В чем состояли эти богатства, что было в Мейерхольде кроме тех внешних чудачеств, ошарашиваний и неожиданностей, которым, казалось бы, легче всего подражать? Замечательным качеством Всеволода Эмильевича была искренность и глубокая вера художника, убежденность в правоте своего творческого решения. Оттого так поразительны и убедительны были его находки при всей спорности и парадоксальности некоторых из них. Это был уровень, про который говорится: таланту все позволено. Поэтому, если он на репетиции предлагал самое неожиданное решение, показывая какую-нибудь сцену актеру, присутствовавшим казалось: это лучшее, что можно сделать в данной сцене, — с такой внутренней верой и оправданием он это делал. Когда подобные парадоксы пытались осуществлять другие, то, неоправданные внутренне и выполненные формально, они не производили должного впечатления.
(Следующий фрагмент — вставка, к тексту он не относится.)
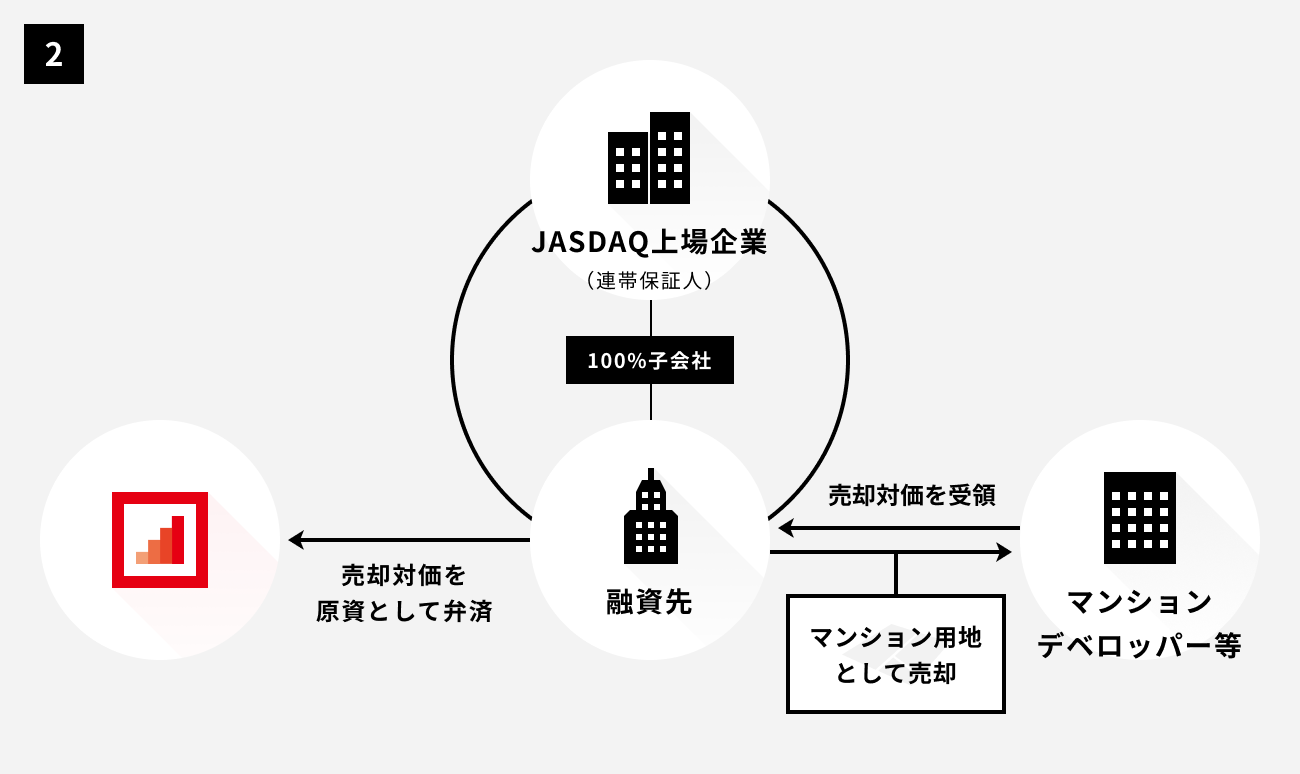 本プロジェクトは、JASDAQ上場企業の100%子会社が本営業者から次の資金使途で資金を借り入れ、担保となる不動産の売却により得られる収益等から本件融資の返済を行います。

Блестящая актерская техника и вместе с тем эмоциональность, которыми Мейерхольд мастерски распоряжался, выстраивая {375} какую-либо сцену в своей постановке, покоряли свидетелей его работы и заставляли задумываться над тем, как важно для режиссера обладать именно этим актерским умением, актерским вдохновением, диктующим ему как режиссеру и мизансцены и ритмы любой сцены в спектакле.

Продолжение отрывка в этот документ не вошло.